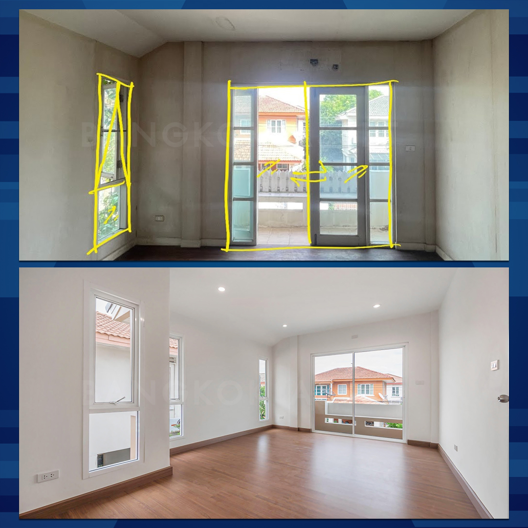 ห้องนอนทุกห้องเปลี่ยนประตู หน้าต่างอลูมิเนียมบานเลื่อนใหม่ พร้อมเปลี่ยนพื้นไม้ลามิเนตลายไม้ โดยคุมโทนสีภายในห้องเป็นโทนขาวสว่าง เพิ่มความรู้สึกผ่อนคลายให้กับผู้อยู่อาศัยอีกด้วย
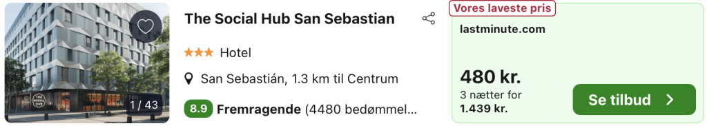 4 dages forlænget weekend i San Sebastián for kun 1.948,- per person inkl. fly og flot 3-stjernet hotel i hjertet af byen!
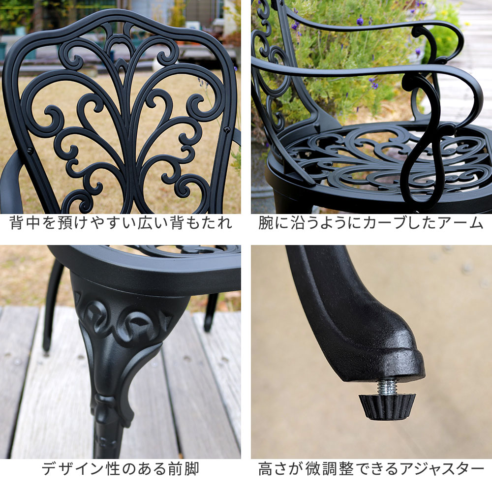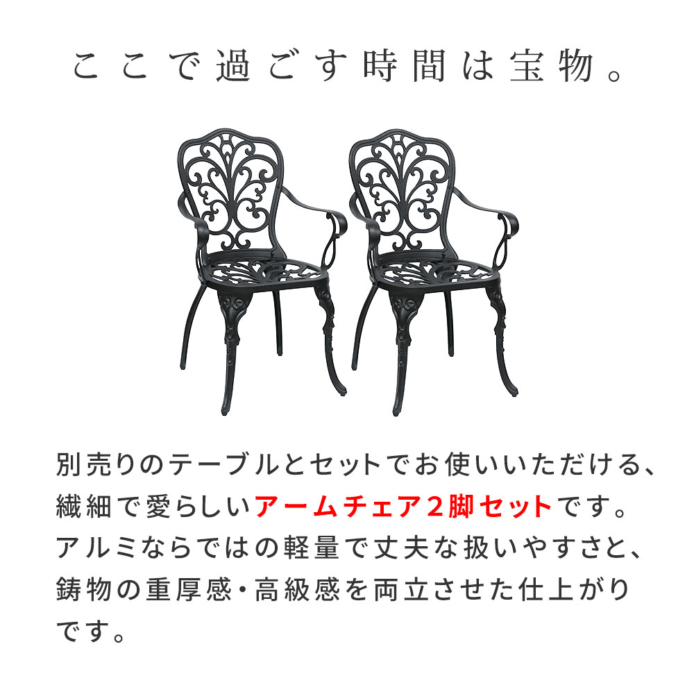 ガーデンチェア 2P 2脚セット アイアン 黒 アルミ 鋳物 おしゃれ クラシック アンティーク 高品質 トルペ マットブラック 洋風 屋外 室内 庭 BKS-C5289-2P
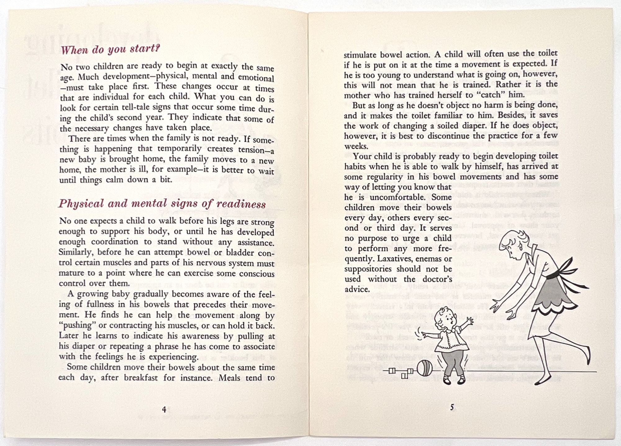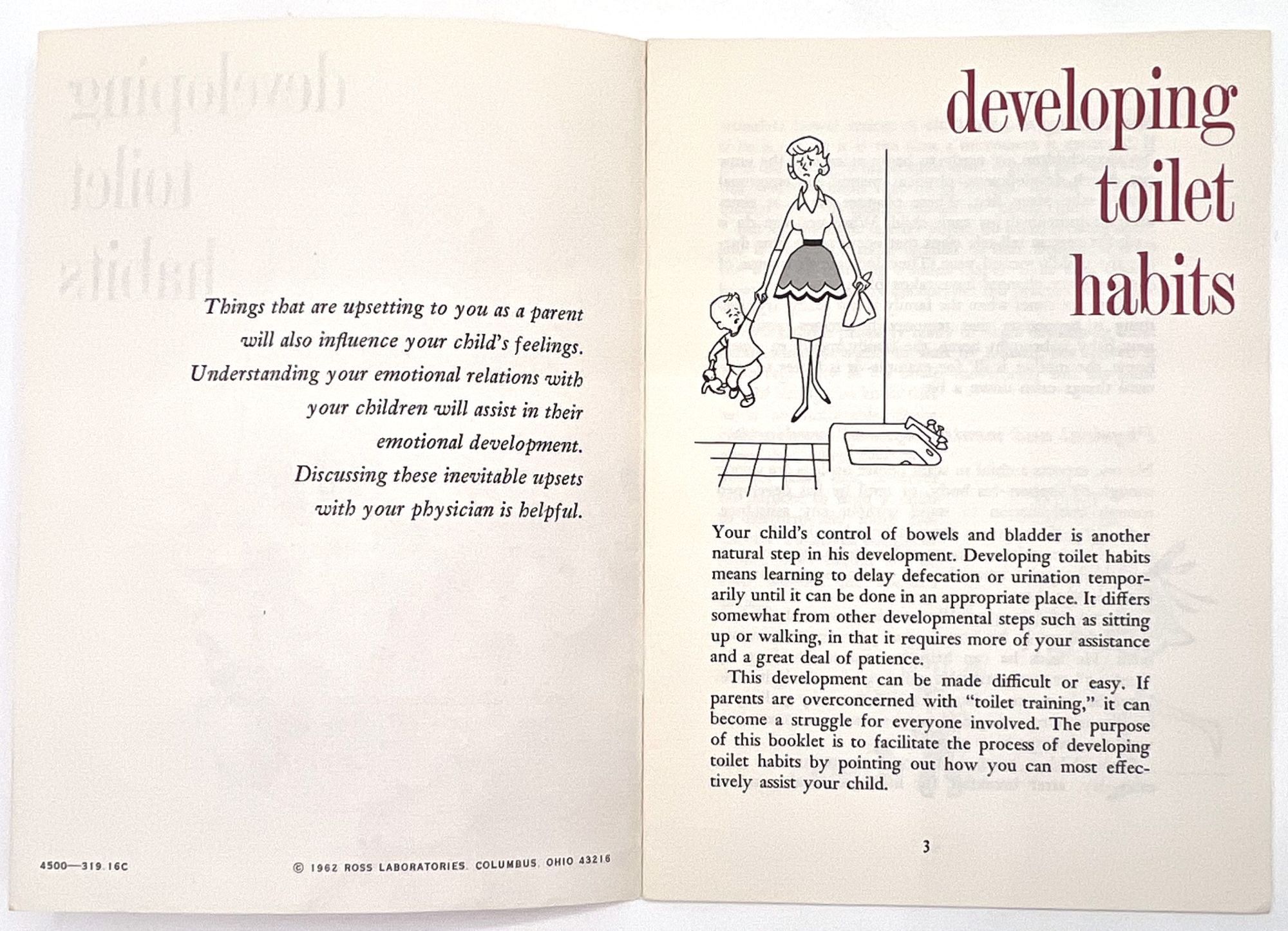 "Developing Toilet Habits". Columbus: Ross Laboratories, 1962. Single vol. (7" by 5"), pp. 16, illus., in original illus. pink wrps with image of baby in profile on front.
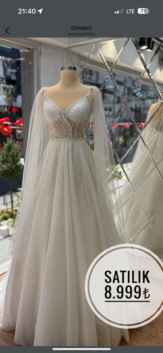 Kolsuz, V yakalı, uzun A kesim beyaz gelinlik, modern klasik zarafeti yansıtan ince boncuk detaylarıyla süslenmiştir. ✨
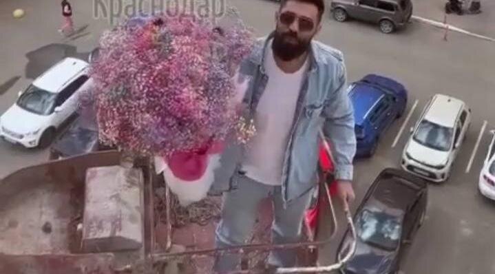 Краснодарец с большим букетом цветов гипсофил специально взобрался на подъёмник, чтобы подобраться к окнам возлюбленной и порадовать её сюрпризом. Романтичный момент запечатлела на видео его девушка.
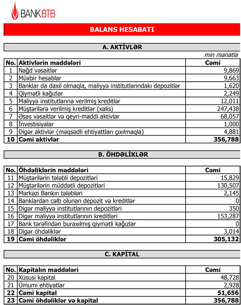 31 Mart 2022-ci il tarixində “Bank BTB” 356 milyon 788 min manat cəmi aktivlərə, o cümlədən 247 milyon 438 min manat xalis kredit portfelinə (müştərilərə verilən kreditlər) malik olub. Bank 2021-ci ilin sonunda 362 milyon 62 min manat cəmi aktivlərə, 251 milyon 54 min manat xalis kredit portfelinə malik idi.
####################
Problem to work on ▸ Set down exactly, and only, the lines from the one holding "ガーデンチェア 2P 2脚セット" to the end of the records above, leaving every picture out.

Worked solution ▸
 ガーデンチェア 2P 2脚セット アイアン 黒 アルミ 鋳物 おしゃれ クラシック アンティーク 高品質 トルペ マットブラック 洋風 屋外 室内 庭 BKS-C5289-2P
 "Developing Toilet Habits". Columbus: Ross Laboratories, 1962. Single vol. (7" by 5"), pp. 16, illus., in original illus. pink wrps with image of baby in profile on front.
 Kolsuz, V yakalı, uzun A kesim beyaz gelinlik, modern klasik zarafeti yansıtan ince boncuk detaylarıyla süslenmiştir. ✨
 Краснодарец с большим букетом цветов гипсофил специально взобрался на подъёмник, чтобы подобраться к окнам возлюбленной и порадовать её сюрпризом. Романтичный момент запечатлела на видео его девушка.
 31 Mart 2022-ci il tarixində “Bank BTB” 356 milyon 788 min manat cəmi aktivlərə, o cümlədən 247 milyon 438 min manat xalis kredit portfelinə (müştərilərə verilən kreditlər) malik olub. Bank 2021-ci ilin sonunda 362 milyon 62 min manat cəmi aktivlərə, 251 milyon 54 min manat xalis kredit portfelinə malik idi.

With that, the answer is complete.